■ **PROVIDED INFORMATION**:

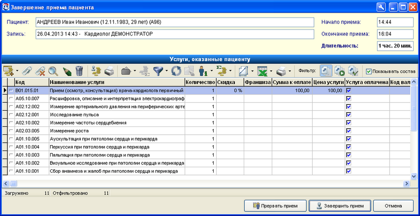 ·Завершить прием – следует нажать для окончательного завершения приема;
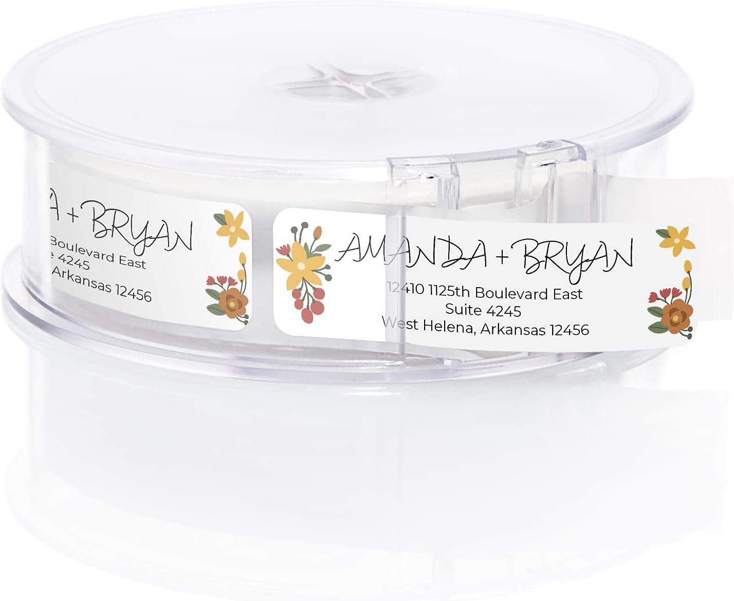 Retro Floral Rolled Address Labels/Roll of 250 Personalized Return Address Labels/Designer Return Address Stickers in Elegant Plastic Dispenser
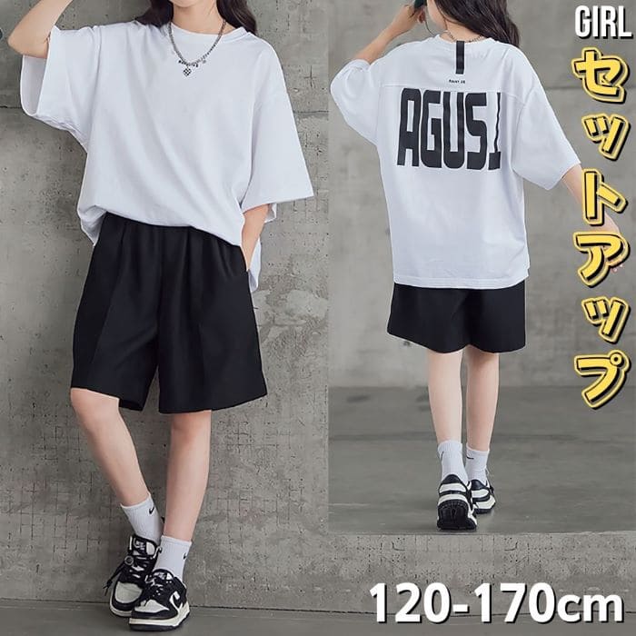 小学生 セットアップ キッズ 女の子 バックロゴ Tシャツ ショート パンツ 2点セット 夏 韓国 カジュアル ファッション 通学 可愛い コーデ 15500
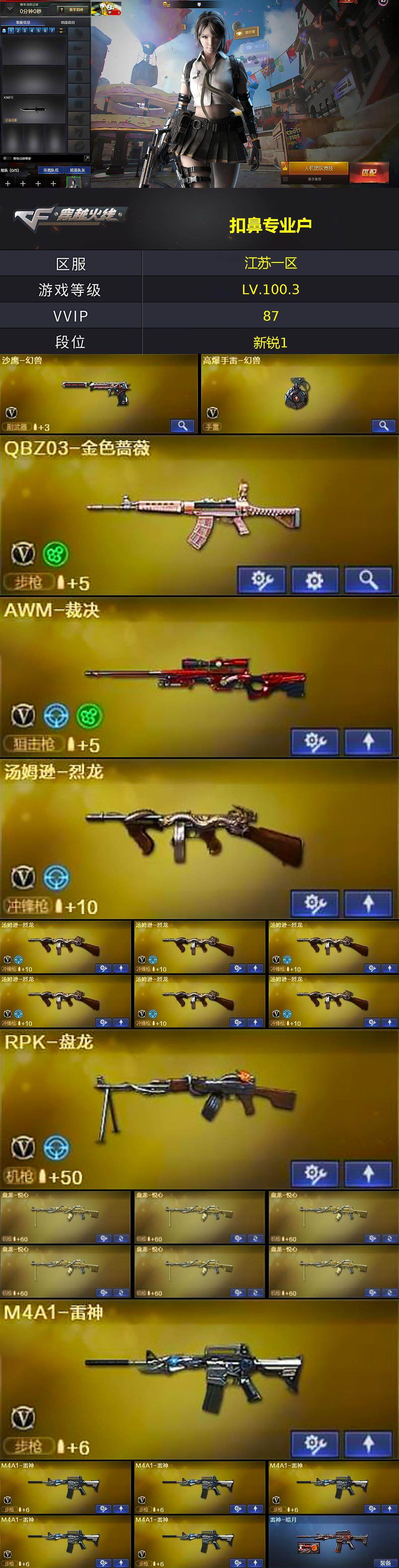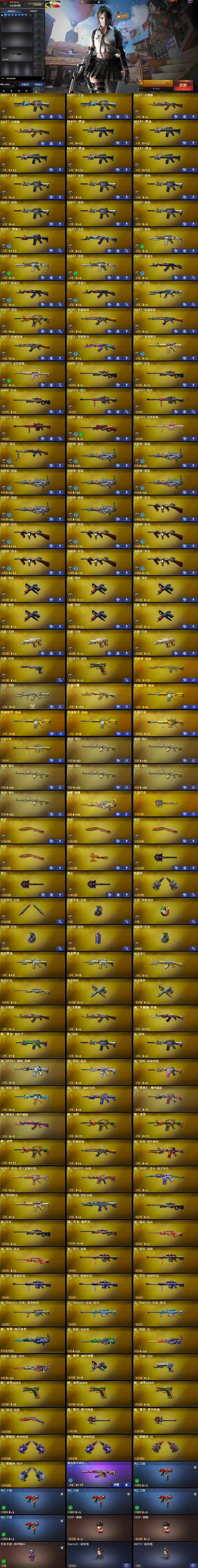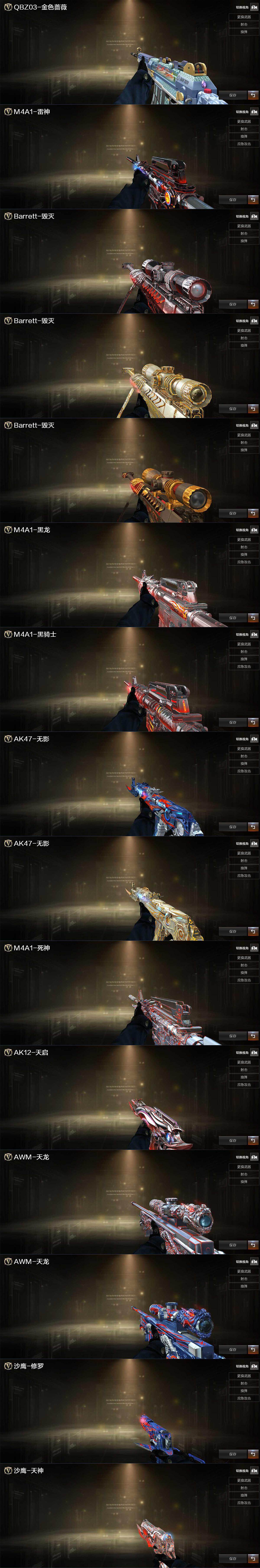 【英雄级武器】:M4A1-千变*2,AK47-火麒麟*2,M4A1-黑龙*5,M4A1-雷神*6,M4A1-黑骑士,AK47-无影,M4A1-死神*3,AK47-黑武士*3,AK12-天启,M4A1-武圣,AK47-机械迷城*3,黑武士-锦绣游龙,M4A1-玫瑰精灵,QBZ03-金色蔷薇,AWM-天龙*3,Barrett-毁灭*2,Barrett-极光,AWM-裁决,Barrett-金色蔷薇,RPK-盘龙,加特林-炼狱*7,汤姆逊-烈龙*7,沙鹰-修罗*6,沙鹰-天神*3,沙鹰-幻兽,Glock18-武圣,屠龙*4,龙啸,擎天*3,麒麟刺,女皇利刃-幻兽,高爆手雷-幻兽,手雷-热带奇洋,闪光弹-幻兽,闪光弹-玄豹,烟雾弹-幻兽
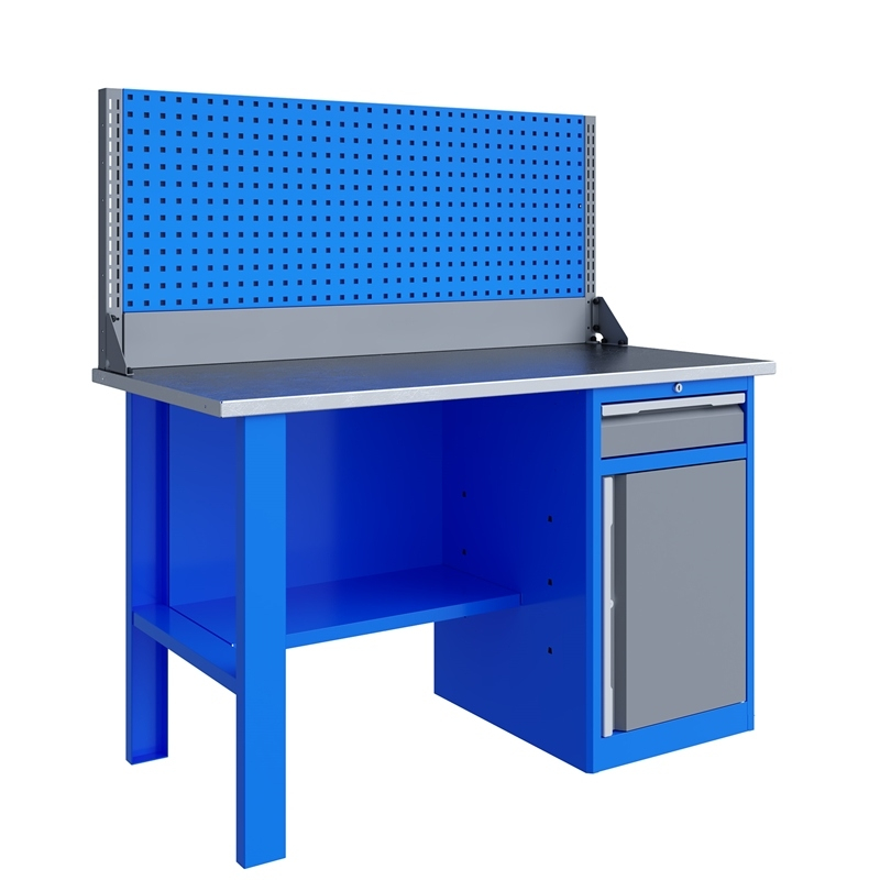 Одинарный экран (перфорированная панель) верстака выполнен с квадратной перфорацией 12х12 мм с шагом 38 мм для установки крючков, держателей и других аксессуаров. Экран крепится к столешнице с помощью специальных кронштейнов.
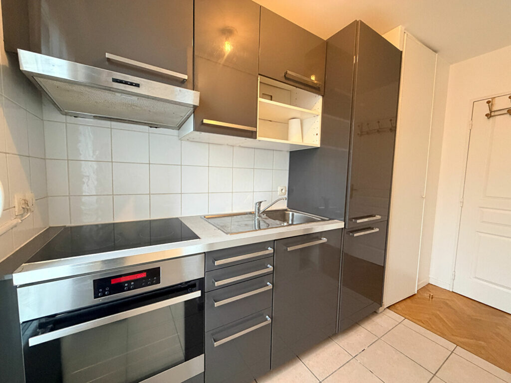 A 350m de la station de métro « Mairie des Lilas » et à proximité immédiate des commerces, des restaurants et des écoles, nous vous proposons un studio d’une superficie de 26.70m² situé au 1er étage avec ascenseur. Il se compose, d’une pièce principale avec une cuisine ouverte meublée et équipée (hotte, plaque de cuisson, four,) ainsi qu’une salle d’eau avec wc.

■ **TASK GOAL**: With every picture omitted, write out the material exactly from its first line through the line containing "小学生 セットアップ キッズ".

■ **SOLUTION TO THE EXERCISE**:
 ·Завершить прием – следует нажать для окончательного завершения приема;
 Retro Floral Rolled Address Labels/Roll of 250 Personalized Return Address Labels/Designer Return Address Stickers in Elegant Plastic Dispenser
 小学生 セットアップ キッズ 女の子 バックロゴ Tシャツ ショート パンツ 2点セット 夏 韓国 カジュアル ファッション 通学 可愛い コーデ 15500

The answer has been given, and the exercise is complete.